= Kenneth P. Weiss =

American businessman

Kenneth P. Weiss was an American entrepreneur, human factors engineer and inventor. He invented the SecurID Card, now a trademark of RSA Security.

==Career==
Weiss held a bachelor's degree from the University of Bridgeport, continued graduate studies and research at the University of New Hampshire and Temple University, and received a doctorate from the Neotarian Fellowship.

He founded Security Dynamics in 1984, and served as CEO until 1986, and chairman of the board and CTO until 1996. He initiated the purchase in 1993 of RSA Security, then a small encryption company working in internet commerce. In 1994, Security Dynamics went public on the NASDAQ stock exchange. Weiss was the company's largest individual shareholder.. The company developed and sold the SecurID Card and RSA encryption technologies for computer security, electronic commerce and identity authentication. He resigned in 1996 citing policy disagreements with directors and with the company's operations and policies, when the company had achieved a market capitalization of more than $4 billion In 2006 the company was purchased by EMC Corporation.

In 1994 he published an article enumerating what he regarded as seven significant flaws in the Clipper chip initiative. Weiss’ position and the article contributed to the abandonment of the multibillion-dollar U.S. government program, which Weiss asserted would have allowed electronic eavesdropping on any US citizen with a surveillance chip embedded in private electronic communication equipment.

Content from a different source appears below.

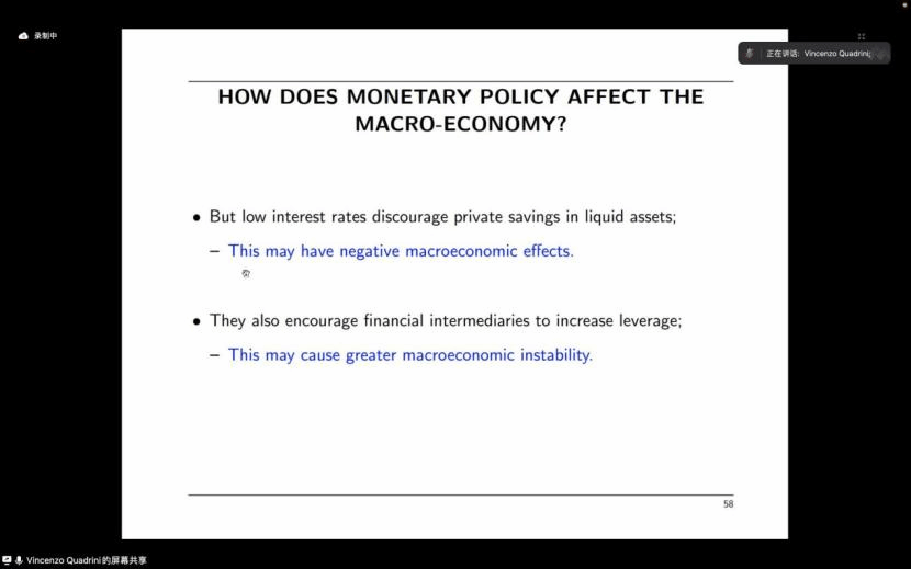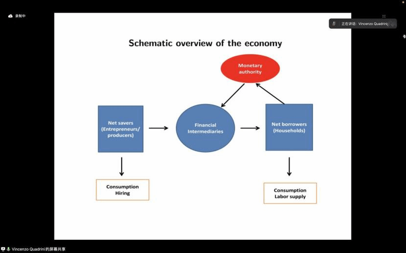 在本次研讨会上,Quadrini教授首先强调了金融发展在现代经济中起着至关重要的作用。就金融机构而言,银行和股票市场将资金从储蓄者引向生产性企业(借款者),同时管理经济风险和流动性。
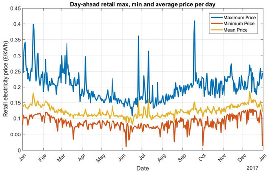 Finally, it must also be taken into account that while the reduced VAT rate of 5% applies for consumption of domestic electricity, non-domestic power is taxed at the standard rate of 20% [57]. The wholesale contribution to the non-domestic electricity price, reported by Ofgem as “direct fuel costs”, was calculated by the current study to be 36.6%, which is around 3% higher than its respective value for domestic electricity [58]. Figure 4 presents the maximum, minimum and average values per day for 2017 for the calculated retail electricity prices. It is shown that the daily difference between the lowest and the highest prices constitute the foundations of electricity arbitrage.

Weiss had taught at Penn State, the University of Bridgeport, Nasson College, and at King's College, where he was chairman of the psychology department for seven years as a professor and textbook author.

He was on the editorial board of the Journal of Information Systems Security, and was chairman of the identification and authentication division of the American Defense Preparedness Association's committee on computer security. He was also a member of the Technology and Ethics Committee of the Information Systems Security Association (ISSA).

Until his death on 8 February 2025, Weiss was the founder and CEO of Universal Secure Registry (USR), a company based in Newton, Massachusetts, that develops technologies for identification, authentication and mobile phone applications.

He held 22 U.S. patents, as well as foreign patents.

==Awards and recognition==
Weiss was a member of the American Association for the Advancement of Science, and the honor societies Sigma Xi and Psi Chi.

==Philanthropic work==

Weiss was also involved philanthropic work for the Cape Ann Symphony, Rockport Chamber Music Society, Gloucester Stage Co., the Gloucester Schooner Festival, historical meeting house restoration, the Cape Ann Historical Association, the Perfect Storm Foundation, Addison Gilbert and Beverly Hospitals, the Lahey Clinic, and political action groups.